Xperi’s media platform posted standout 45% growth, confirming a long-awaited monetization turning point as TiVo One and AutoStage footprints scale. Cost discipline and earlier contract signings drove margin gains, with management reaffirming full-year outlook and signaling accelerating advertising and data licensing upside. Momentum in connected car and CTV ad platforms sets the stage for a structurally higher growth profile into the second half.

Summary

  • Advertising Monetization Inflection: TiVo One and AutoStage expansion catalyze platform revenue acceleration.
  • Cost Structure Reset: Operating expenses reset lower, supporting improved margin profile.
  • Second-Half Acceleration Signal: Management expects data licensing and ad trials to unlock new revenue streams.

Business Overview

Xperi develops and licenses media, audio, and connected car technologies spanning four main business units: Media Platform (TiVo One, CTV advertising), Connected Car (AutoStage infotainment, HD Radio), Pay TV (IPTV, set-top box solutions), and Consumer Electronics (audio codecs, post-processing).

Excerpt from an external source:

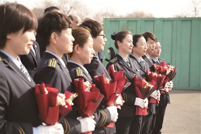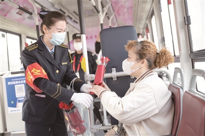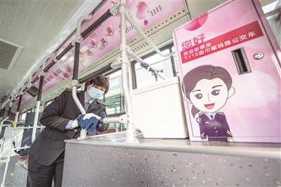 “车厢的特色布置展示着女驾驶员们‘巾帼不让须眉’的豪情和立足岗位、实干进取的精神风貌。线路的12位女驾驶员统一规范着装,还有特色的小变化,如,我们将从前佩戴的领带换成适合女性的领花。另外,还提出了淡妆上岗的要求。”雷明说,“这些做法都是为了提供给乘客更高质量的服务,通过她们真情的服务,为乘客提供全新的乘车体验,践行‘城市摆渡人’的职责担当,也展现了公交女司机的巾帼风采。”

The company generates revenue through a mix of recurring licensing fees, advertising, and data monetization, with each segment targeting device manufacturers, broadcasters, automakers, and service providers globally.

Performance Analysis

Total revenue was essentially flat year-over-year at $114 million, masking a pronounced mix shift beneath the surface. Media Platform revenue surged 45% to $12 million, driven by advertising monetization as the TiVo One user base more than doubled to 5.5 million monthly active users. Connected Car grew 14% to $38 million, reflecting new multi-year minimum guarantee deals and continued AutoStage expansion, now in over 16 million vehicles.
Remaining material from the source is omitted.